Construct an open mesh from multiple sequences.

This function takes N 1-D sequences and returns N outputs with N dimensions each, such that the shape is 1 in all but one dimension and the dimension with the non-unit shape value cycles through all N dimensions.

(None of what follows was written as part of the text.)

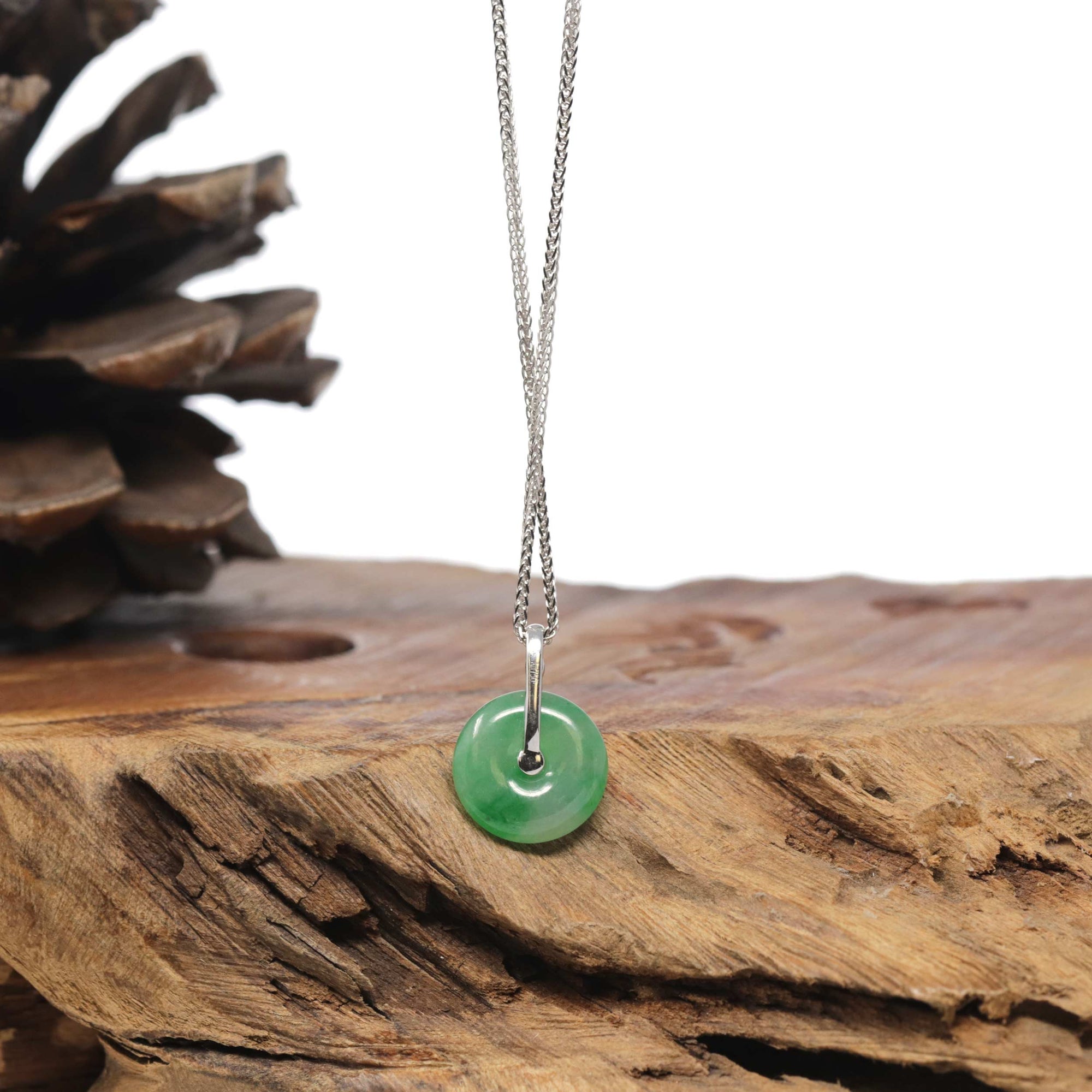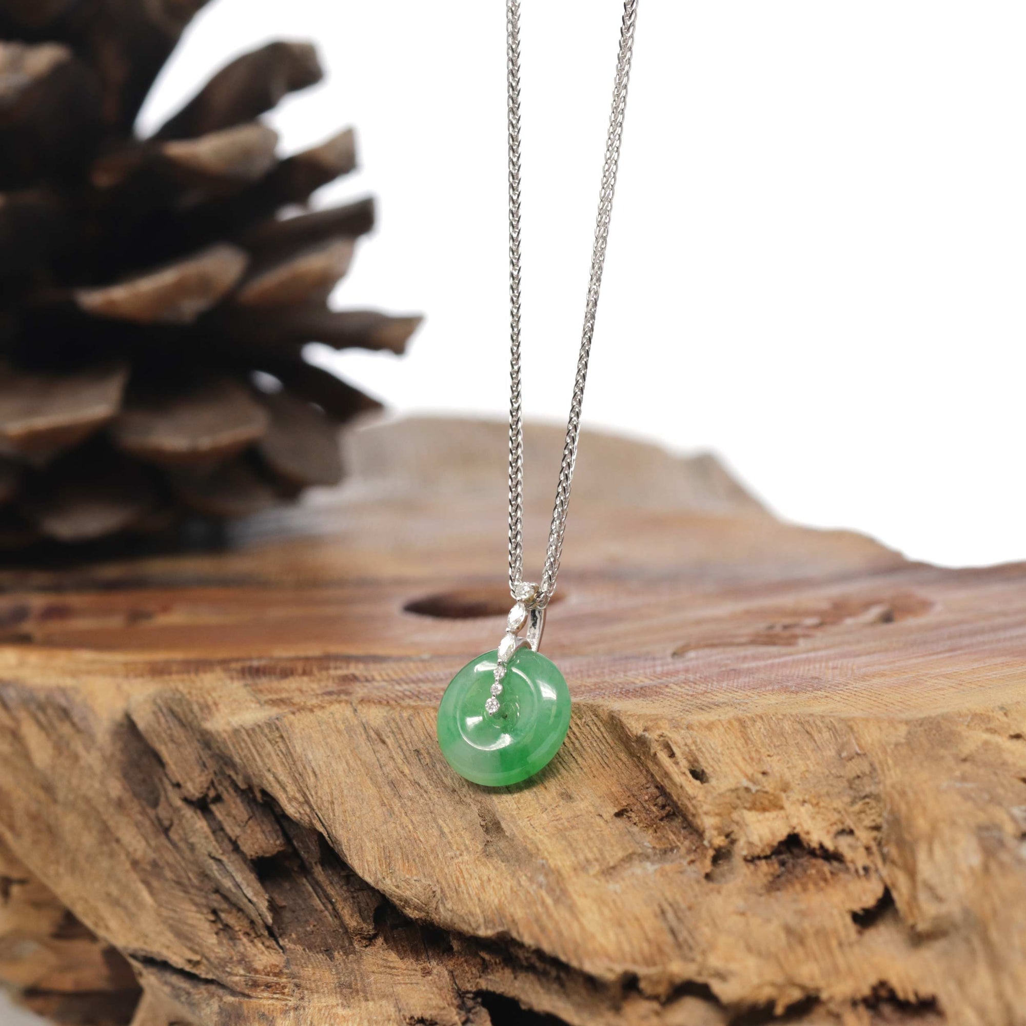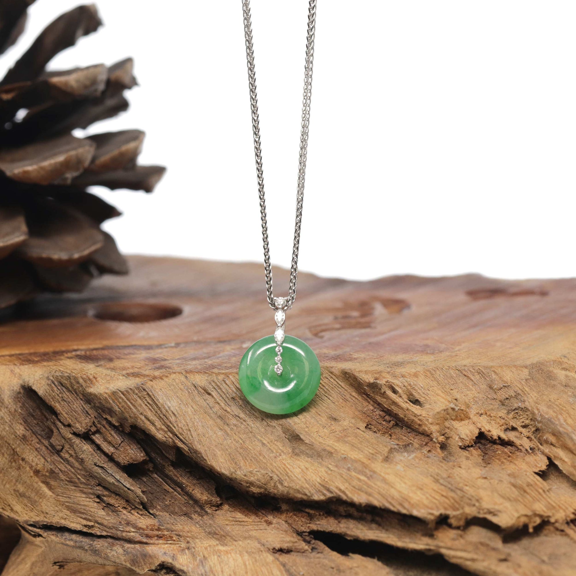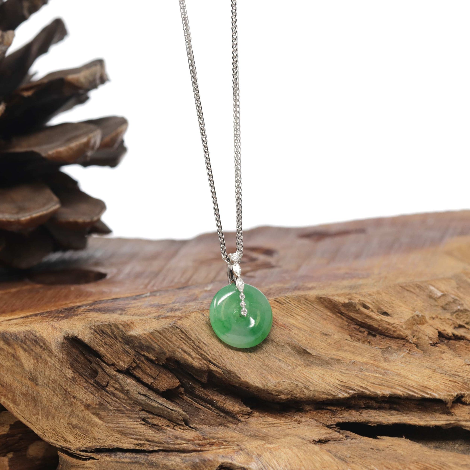Baikalla "Ping An Kou" (Good Luck Button) 18K White Gold Natural Vibrant Green Jadeite Jade Pendant W/ Natural Diamonds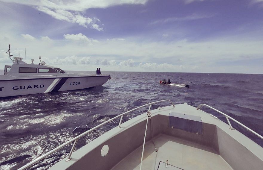 އެމްއެންޑީއެފުން އެކްސްގައި އާންމުކުރި ވީޑިއޯގައި ފެންނަނީ ކޯސްޓްގާޑުގެ އުޅަނދު އެތަނަށް ދިޔައިރު އެ މީހުން ޑިންގީގެ މަތީގައި އިށީގެންދެގެން ތިއްބަ އެވެ.

Using ix_ one can quickly construct index arrays that will index the cross product. a[np.ix_([1,3],[2,5])] returns the array [[a[1,2] a[1,5]], [a[3,2] a[3,5]]].

See Also

ogrid, mgrid, meshgrid

Examples

>>> a = np.arange(10).reshape(2, 5)
>>> a
array([[0, 1, 2, 3, 4],
       [5, 6, 7, 8, 9]])
>>> ixgrid = np.ix_([0, 1], [2, 4])
>>> ixgrid
(array([[0],
       [1]]), array([[2, 4]]))
>>> ixgrid[0].shape, ixgrid[1].shape
((2, 1), (1, 2))
>>> a[ixgrid]
array([[2, 4],
       [7, 9]])

>>> ixgrid = np.ix_([True, True], [2, 4])
>>> a[ixgrid]
array([[2, 4],
       [7, 9]])
>>> ixgrid = np.ix_([True, True], [False, False, True, False, True])
>>> a[ixgrid]
array([[2, 4],
       [7, 9]])

Parameters
*args:1-D sequences	Each sequence should be of integer or boolean type. Boolean sequences will be interpreted as boolean masks for the corresponding dimension (equivalent to passing in `np.nonzero(boolean_sequence)`).
Returns
`tuple` of `ndarrays`	out - N arrays with N dimensions each, with N the number of input sequences. Together these arrays form an open mesh.